Black bean burgers.
Yu-ummmmm. I was so craving one. On account of my sister Mess Cat talking about making her own a few weeks back, I made up a recipe and cooked some last week. And they were some kind of good.
And I wanted more.
I went to the pantry in search of black beans. Are you kidding me? I ate them all already?
Well shoot.
This is what I get for not keeping a running grocery list like my Mama did.
All I could find were pinto beans.
I shrugged. Well, when that’s what you have…..

As I was mixing them up, I thought about something Mama said all those years.
They weren’t black bean burgers, but we’d “make do.”

And I laughed.
Maybe that’s why Mama said she was flexible. She had a lifetime of “making do.” In the first year she and Daddy moved to Peach County when I was quite small, they didn’t have a stove.

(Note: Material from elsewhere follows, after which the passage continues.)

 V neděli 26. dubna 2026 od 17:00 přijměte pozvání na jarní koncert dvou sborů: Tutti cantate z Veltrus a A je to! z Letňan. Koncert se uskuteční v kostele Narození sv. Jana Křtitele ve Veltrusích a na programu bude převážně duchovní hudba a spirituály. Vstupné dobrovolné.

Just think about that. No stove. No microwave. She had a little electric hot plate that she used to cook on. A whole summer of this. And then they got their first stove. She was happy about her new stove, but she’d gotten by–because she made do.

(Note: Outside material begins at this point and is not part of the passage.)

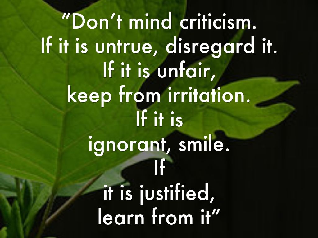 “Don’t mind criticism. If it is untrue, disregard it. If it is unfair, keep from irritation. If it is ignorant, smile. If it is justified, learn from it”

When one of vehicles went kaput and they couldn’t get another one right away, I remember Mama driving Daddy to work so she could pick us up from school later. They made do.
She sewed a lot of our clothes in the early years, and she made do with what fabric she could get.
When it came time to make something and she didn’t have a certain ingredient, she would figure it out and make do.
Sounds like she was into sacrificing, doesn’t it?
But she wasn’t. She was so joyful most of the time. Not Pollyanna exactly, but probably a first cousin. She could find joy in the simplest or smallest of things. She did it with grace and a thankful heart.  On Mama “making do” looked like appreciation and ingenuity.  And her example of making do is a gift that I’m just now really growing to appreciate.
Because of her, I don’t take things sitting down. If I have it in my head to do something, and I don’t have exactly what I need, I can come up with another way to make it happen and “make do.” I think “making do” might be the mother of creativity. Making do has created some pretty awesome school projects and costumes over the years. Don’t have something? Okay, let’s take what we have and make it work.
Tonight I’m thankful for a Mama who taught me the gift of making do. I think it’s close relations to “appreciating what you have.” A few of the thrifty folks out there have a tagline–“shop at home first.” Mama was all about that way before it became the “thing” to do. Making do was all about being frugal, a good steward, and being responsible.
Making do–it’s not a sacrifice, it’s a beautiful way of life.

And by the way, the pinto bean burgers more than “made do.” They were delicious.
Love and just enough to make do to all.